Dewayne, all my scrapers have a bevel angle of 70 degrees. I sharpen with bench grinder & Wolverine platform, and touch up with Veritas Scraper Burnisher. I measure bevel angle on my all turning tool using two protractors that rotate around a small bolt & nut in middle. You can make your own burnisher, and sharpening with a belt sander okay too. Protracter cost me about $.50 to make several years ago.

http://www.ossmann.com/protractor/conventional-protractor.pdf

If scroll down to three part scraper article thing will find lot of good information.
http://www.docgreenwoodturner.com/articles.html

I use my straight tool rest, and have no problem sticking part of it inside a bowl.

-- Bill

View Bluepine38's profile

Bluepine38

2876 posts in 1737 days


#12 posted 03-07-2013 03:44 PM

Sounds like you are on the right trail, as a beginning turner, a few decades back, I did not have much trouble, but when I returned to turning a few years ago, the darned tools tended to catch the wood, then after a few
days of practice the catches tended to diminish, surprising what a lot of practice does to your ability. Captain
Pathology mentioned putting a long handle on his turning tool, this practice tends to help us more mature
fellows handle and hold the tools better, and I recommend that you try this also. I tend to like to dry the wet
bowls in a barrel of sawdust, moving then around in the sawdust every week, for at least 6 weeks. For some
reason, I am no longer in a hurry to get the bowls finished and just like to take my time. Hope you find the
solutions to your catches and have fun in the workshop. It tends to keep us off street corners and out of
trouble as well as keeping us from being too annoying to whatever friends we happen to have.

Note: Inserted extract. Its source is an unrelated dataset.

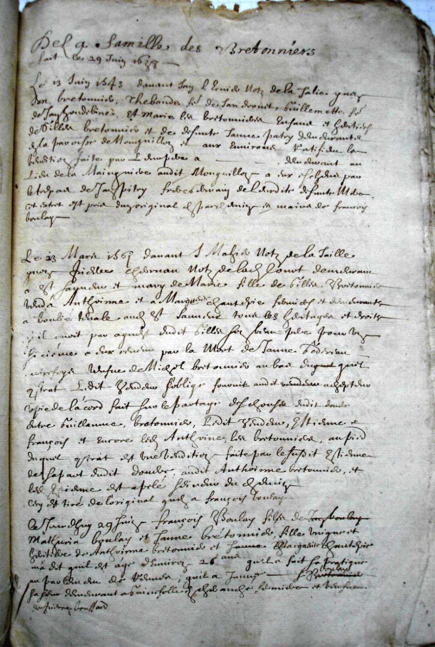les Bretonniers enfants et héritiers de Gilles Bretonnier et de dé-functe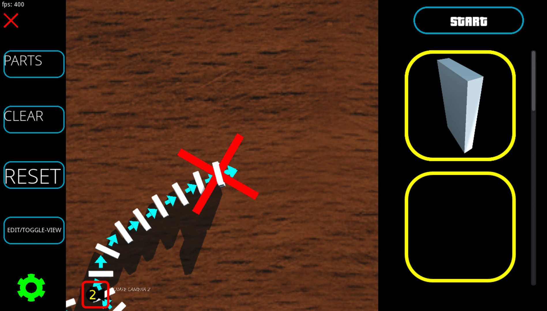 3D simulator for dominoes fun! Place the dominoes on the board and hit play to watch them fall. Reset, save, or load games up to 8 slots available to show friends and family your domino designs and simulation!

-- As ever, Gus-the 75 yr young apprentice carpenter

View ldl's profile

ldl

1135 posts in 1017 days


#13 posted 03-09-2013 01:43 AM

Thanks Wildwood for the article link. I have found at least one thing I am doing wrong. I would use almost the whole sharp side when coming up the side. Article says use no more than 3/8” of the scraper when turning. I plan to go back and reread it several times. It is interesting reading.

By the way the protractor PDF didn’t werk. It went to the file but nothing on it.

-- Dewayne in Bainbridge, Ga. - - No one can make you mad. Only you decide when you get mad - -

View MonteCristo's profile

MonteCristo

2097 posts in 840 days


#14 posted 03-09-2013 04:08 AM

Hi Dewayne The deodar that gave me a hard time is not native to North America. See (http://en.wikipedia.org/wiki/Cedrus_deodara).

I have had much better luck with Western Red Cedar and what we call Yellow Cedar, neither of which are actually true cedars. The deodar has a really nice heartwood/sapwood contrast, but it seems to be a hard one to dry.

-- Dwight - "Free legal advice available - contact Dewey, Cheetam & Howe""

View Wildwood's profile (online now)

Wildwood

1034 posts in 786 days


#15 posted 03-09-2013 12:24 PM

I should have said two plastic protractors, each costing twenty five cents. Got idea for making my angle finder from Wood Magazine’s tip section several years ago. So use plastic not paper!

Have sites online can print off a protractor recommend buying plastic ones. Once glue to boards, print will blur with use.